ROME: Lega Serie A, the governing body for the top flight of Italian club soccer, has confirmed that the Supercoppa Italiana will be held in Saudi Arabia for the second consecutive year.
The annual fixture, which pits the reigning Serie A champions against the winners of the previous season’s Coppa Italia, will be played at Riyadh’s King Saud University Stadium on 22nd December.
The match, which this year will see Juventus take on Lazio, will be the second in a deal signed in 2018 between Serie A and Saudi Arabia’s General Sports Authority (GSA), which calls for three editions of the Supercoppa Italiana to be held in the gulf nation over five years.

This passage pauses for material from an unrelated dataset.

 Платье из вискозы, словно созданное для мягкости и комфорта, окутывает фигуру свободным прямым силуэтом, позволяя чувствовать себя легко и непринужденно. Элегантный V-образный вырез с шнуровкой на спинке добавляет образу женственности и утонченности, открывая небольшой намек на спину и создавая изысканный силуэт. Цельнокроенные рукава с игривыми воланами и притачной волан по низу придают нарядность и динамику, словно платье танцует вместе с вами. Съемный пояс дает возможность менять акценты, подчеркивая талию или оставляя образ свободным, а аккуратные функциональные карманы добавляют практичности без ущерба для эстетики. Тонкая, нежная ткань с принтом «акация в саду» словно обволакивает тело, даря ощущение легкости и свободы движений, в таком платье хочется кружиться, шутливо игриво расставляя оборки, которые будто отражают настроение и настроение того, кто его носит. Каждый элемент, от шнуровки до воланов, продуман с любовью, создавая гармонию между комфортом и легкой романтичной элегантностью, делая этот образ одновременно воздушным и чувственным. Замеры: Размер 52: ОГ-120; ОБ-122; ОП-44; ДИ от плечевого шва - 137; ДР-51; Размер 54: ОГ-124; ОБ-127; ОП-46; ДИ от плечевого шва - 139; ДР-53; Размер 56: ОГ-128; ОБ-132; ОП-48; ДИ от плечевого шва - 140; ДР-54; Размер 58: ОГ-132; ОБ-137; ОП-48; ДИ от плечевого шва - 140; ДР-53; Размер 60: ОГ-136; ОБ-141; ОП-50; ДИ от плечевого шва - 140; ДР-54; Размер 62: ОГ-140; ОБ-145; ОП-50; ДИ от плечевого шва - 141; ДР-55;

Last season’s Supercoppa Italiana was held at the King Abdullah Sports City in Jeddah, where Juventus beat AC Milan 1-0.
However, Serie A’s deal to take the showpiece fixture to the Middle East has been widely criticised, not least by Qatar-based broadcaster BeIN Sports, which last year wrote to the league’s chief executive Luigi de Siervo, requesting that Serie A reconsider its decision due to the ongoing piracy scandal involving BeoutQ.

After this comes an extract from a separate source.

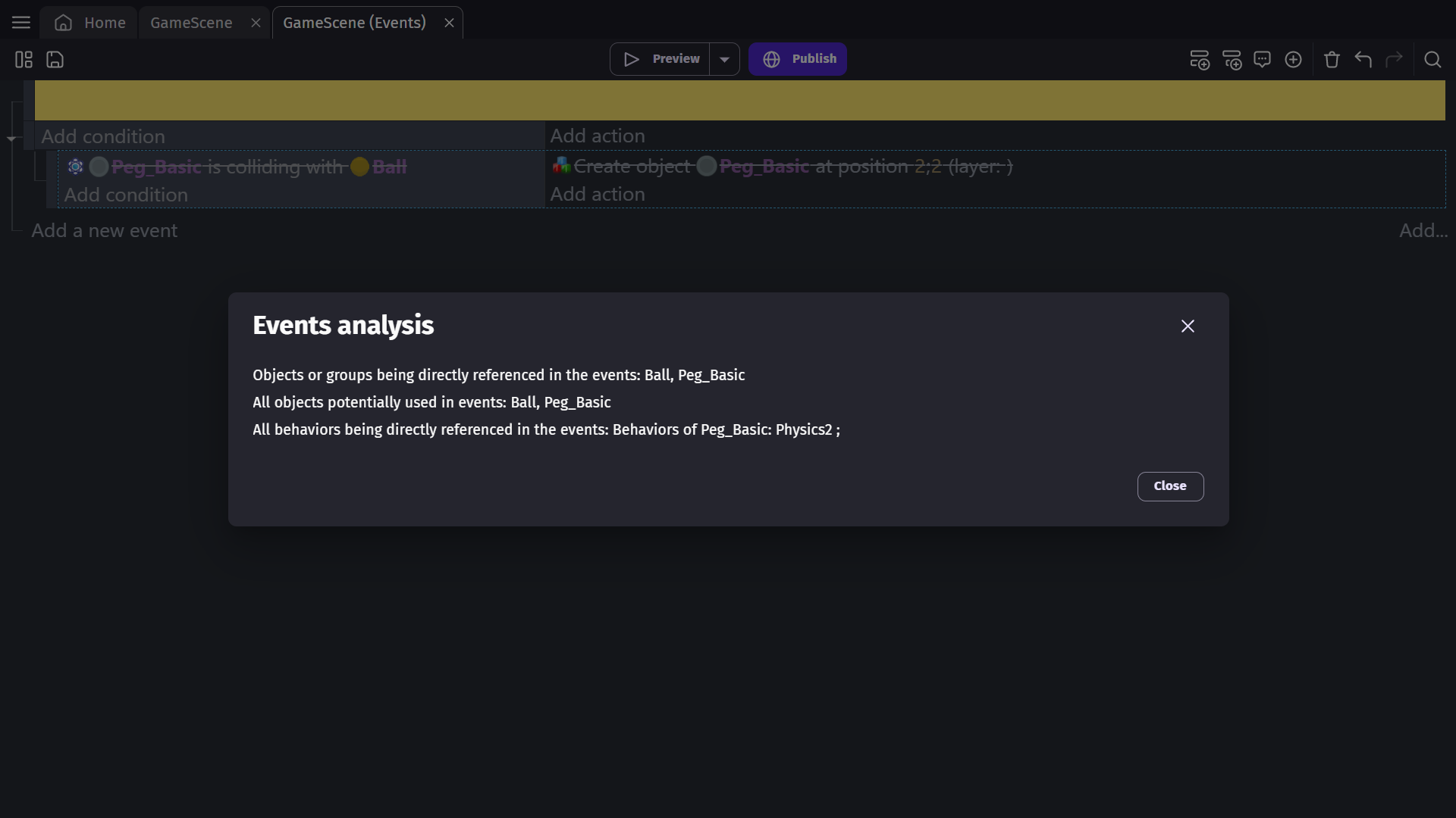 You can add any number of event blocks to the Event editor. Each event can have various conditions and actions. Once you add an event, you can use the conditions and actions to create the game's logic. Read more about conditions and actions.

BeoutQ, whose pirate broadcasts have been distributed by Riyadh-based satellite provider Arabsat, has been stealing the feeds of various major sports broadcasters including BeIN, which holds the rights to Serie A in the Middle East and North Africa (MENA).

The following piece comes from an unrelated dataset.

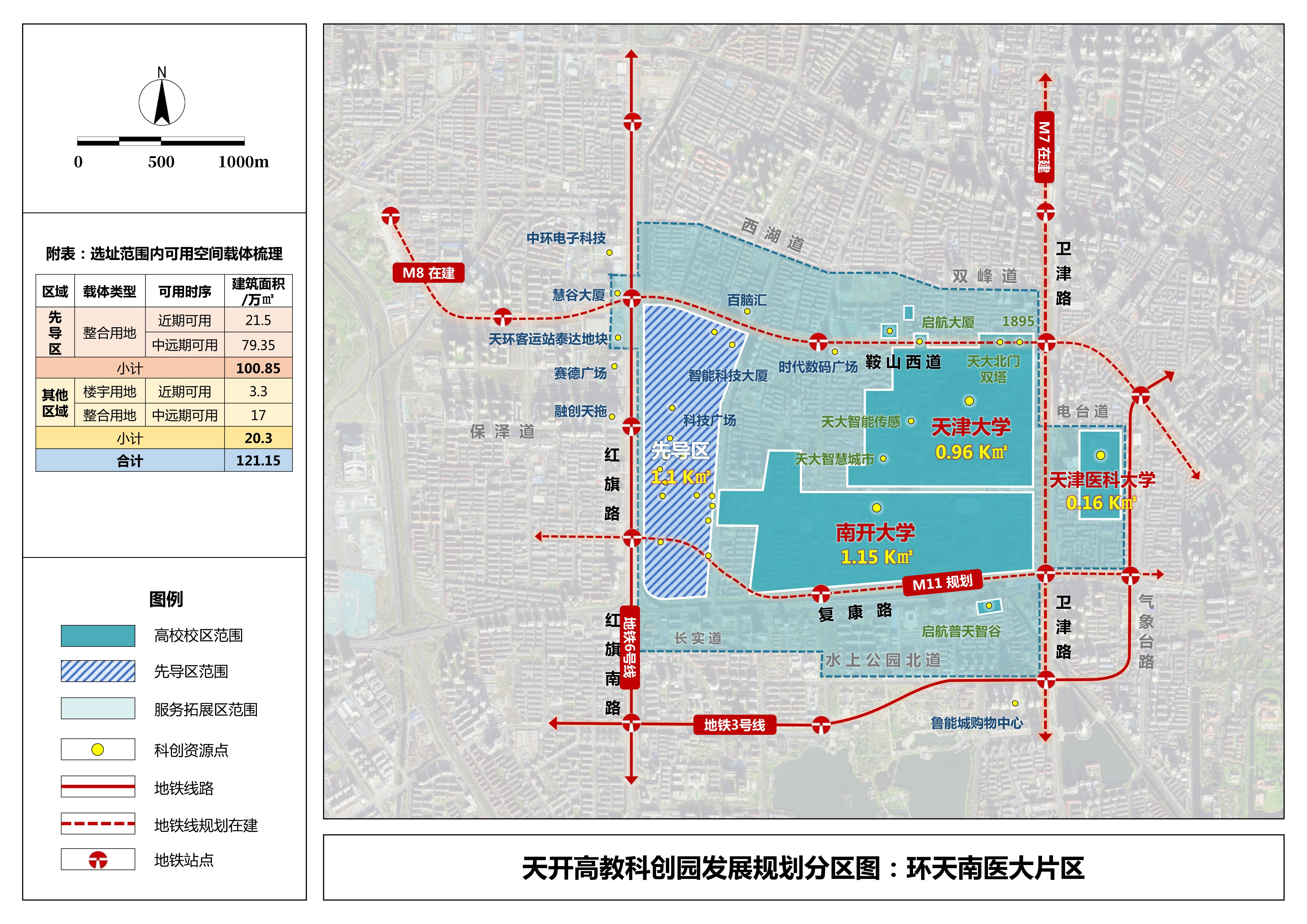 核心區內劃定“鞍山西道—白堤路—復康路—紅旗路”合圍區域為先導區,占地面積約1.1平方公里。以天津科技廣場為核心、科研西路為中軸向兩側延伸的11個空間載體為主要供給,可提供總占地面積22.05萬平方米、總建筑面積100余萬平方米的載體空間。

Incidentally, Serie A was one of several elite soccer bodies to issue a joint statement in July condemning BeoutQ and calling on authorities in Saudi Arabia to help bring down the pirate operation. The group of rights holders, which also included Fifa, Uefa and the Premier League, had commissioned an investigative report by industry body MarkMonitor, which confirmed ‘without question’ that BeoutQ was being transmitted by Arabsat.
Yousef Al-Obaidly, BeIN Media Group’s chief executive, has been uncompromising in his words towards Serie A for enabling the Saudi piracy operation.
Speaking at the recent Leaders Summit in London, Al-Obaidly attacked Serie A and the Spanish Football Federation (RFEF) for hosting their Super Cup games in “the very country that has been stealing the commercial rights of all their broadcast partners for over two years, destroying the value of the Italian and Spanish game in the process.”